Thursday, September 20, 2007

Blue whale buried on beach

Last weekend a blue whale washed ashore near Hobson County Beach up the coast from Ventura. It attracted crowds of onlookers as scientists dissected the 70 foot carcass. (Necropsy determined that the whale was hit and killed by a ship large enough to crush its huge bones.)

Because it was close to the campground, and perhaps due to the lack of beach in front of the seawalls, the remains were towed 2 miles down the coast and buried in 4 feet of sand, just upcoast of Faria Beach.

Whale blubber and the strong odor of rotting flesh were evident in the surf zone as far downcoast as Surfers' Point on Sunday, during the C-St Longboard Contest and Aloha Beach Festival. This week portions of the whale were exposed by wave action, and downcoast impacts continued. Past experience in southern California has shown that white sharks will be attracted to the coastal zone, potentially creating an increased risk of shark attacks.

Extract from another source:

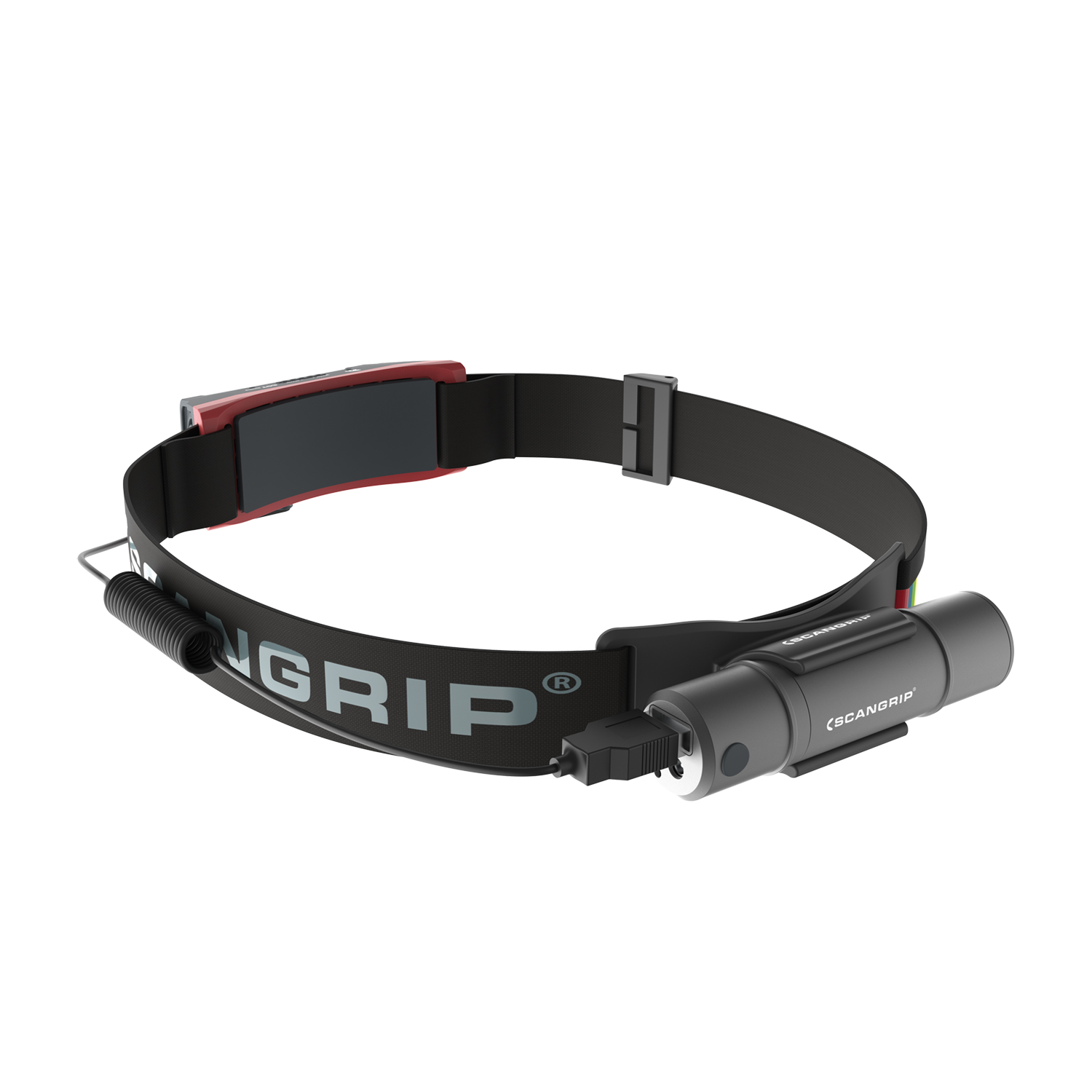 For lengre driftstid kan du bruke SCANGRIP POWER BANK 03.5962 som ekstrautstyr. Fest powerbanken til hodebåndet med den fleksible klipsholderen som følger med, og koble kabelen til hodelykten.
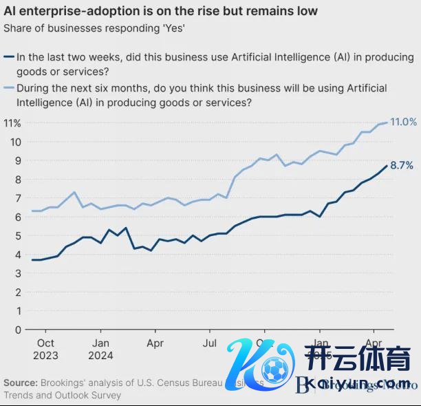 企业说明现时或缠绵使用东说念主工智能本领的比例合手续高潮,是东说念主工智能在好意思国经济中影响力扩大的最明确缠绵之一。凭证好意思国东说念主口普查局(United States Census Bureau)的“买卖趋势与瞻望窥伺”(BTOS),在分娩商品或服务中履行使用东说念主工智能的企业比例,从2023岁首的约4%高潮至2025年中的8.7%。企业对近期应用东说念主工智能的预期更高,最新窥伺夸耀,11%的企业缠绵在改日六个月内取舍东说念主工智能。这些趋势标明,企业层面的东说念主工智能整合正在稳步股东。

There have been record numbers of blue whales in the Santa Barbara Channel this year, and apparently there is another dead whale floating toward the coast. Concerned citizens are petitioning authorities to determine appropriate protocol and not repeat this in the future.

It is interesting to think that in the past, marine mammals provided carrion for the California Condor, now an endangered species. These huge birds would fly along the coast and feed upon beached seals, dolphins, and whales. Indeed, this ecosystem once supported coyotes, bears, vultures, and a full spectrum of life. However, with the construction of a freeway and residences on the beach, this biodiversity has been lost. Increased population and conflicting human interests turn a beached mammal of this scale into a significant management issue. (Just be glad the authorities did not decide to do this!)

As illustrated by this case, the loss of natural ecosystem processes generate complicated public policy questions. Other examples include dams and flood control structures designed for a single purpose, but with unforseen side effects. There is now consensus that Matilija Dam should be decommissioned to begin to restore watershed function. And with pending new regulations, discussion has begun relating to impacts of urbanization to the health of the coastal ecosystem.